Mikel Arteta faces huge challenge to turn Arsenal’s fortunes around

2:59 Free highlights from Arsenal’s 3-0 loss to Manchester City

The January transfer window will provide an early opportunity for Arteta to begin shaping the team in his image, but the imbalanced make-up of the current squad raises questions of the recruitment team above him.

Can the club’s decision-makers be trusted to resolve the problems correctly? Are the plans in place to give Arteta the best possible chance of succeeding? And are the club’s owners willing to ensure last summer’s expenditure was not a one-off – even if they end up facing a fourth consecutive season outside the Champions League?

Because there are already issues to address at the top of the pitch as well as at the back.

It only took Freddie Ljungberg a couple of games to determine that Pierre-Emerick Aubameyang and Alexandre Lacazette could not be used in the same team – “you need to have defensive balance,” he explained after leaving Lacazette on the bench against City – and there are question marks over how to get the best out of the £72m Nicolas Pepe as well as Ozil.

Aubameyang and Lacazette’s contractual situations complicate matters further, with both due to enter the final years of their deals next summer, and for all their scoring efforts – they have hit 69 goals between them since the start of last season – the underlying numbers paint a picture of decline in Arsenal’s attacking as well as their defending.
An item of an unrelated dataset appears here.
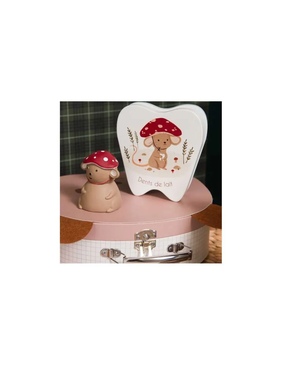 Une jolie boite en forme de dent qui s’ouvre dans laquelle vous pourrez placer les 20 dents de lait de votre enfant et y glisser une pièce à l’intérieur lorsque la souris sera passée.

Recalibrating Arsenal’s attack will be yet another job for Arteta’s lengthy to-do list, but there are also areas of encouragement amid the challenges.

This squad may lack leaders, but there is a large crop of highly-promising academy graduates, most notably Joe Willock, Bukayo Saka and Emile Smith Rowe. There is similar excitement about Gabriel Martinelli, the emerging Brazilian forward, and William Saliba, the teenage Saint-Etienne centre-back who will bolster their defensive ranks next summer.

Arteta’s return will also generate plenty of goodwill among fans who watched their former captain leave the pitch in tears on his final appearance for Arsenal in 2016. They will be heartened by his understanding of the club and desperate for him succeed.

It might also help him that, after the mixed messages and muddled tactics of Unai Emery’s tenure, this Arsenal side is not wedded to any particular way of playing. Arteta will not have to change their approach because right now they don’t have one. Instead, this is a club craving clear direction. There is a blank canvas for him to implement his own ideas.

Those ideas have been formulated during more than three years of working with one of the greatest managers in history. The idea of Guardiola’s former assistant getting Arsenal to play in the manner in which Manchester City did on Sunday is a tantalising prospect. But is also a distant one. Mikel Arteta will be under no illusions about the size of the task ahead.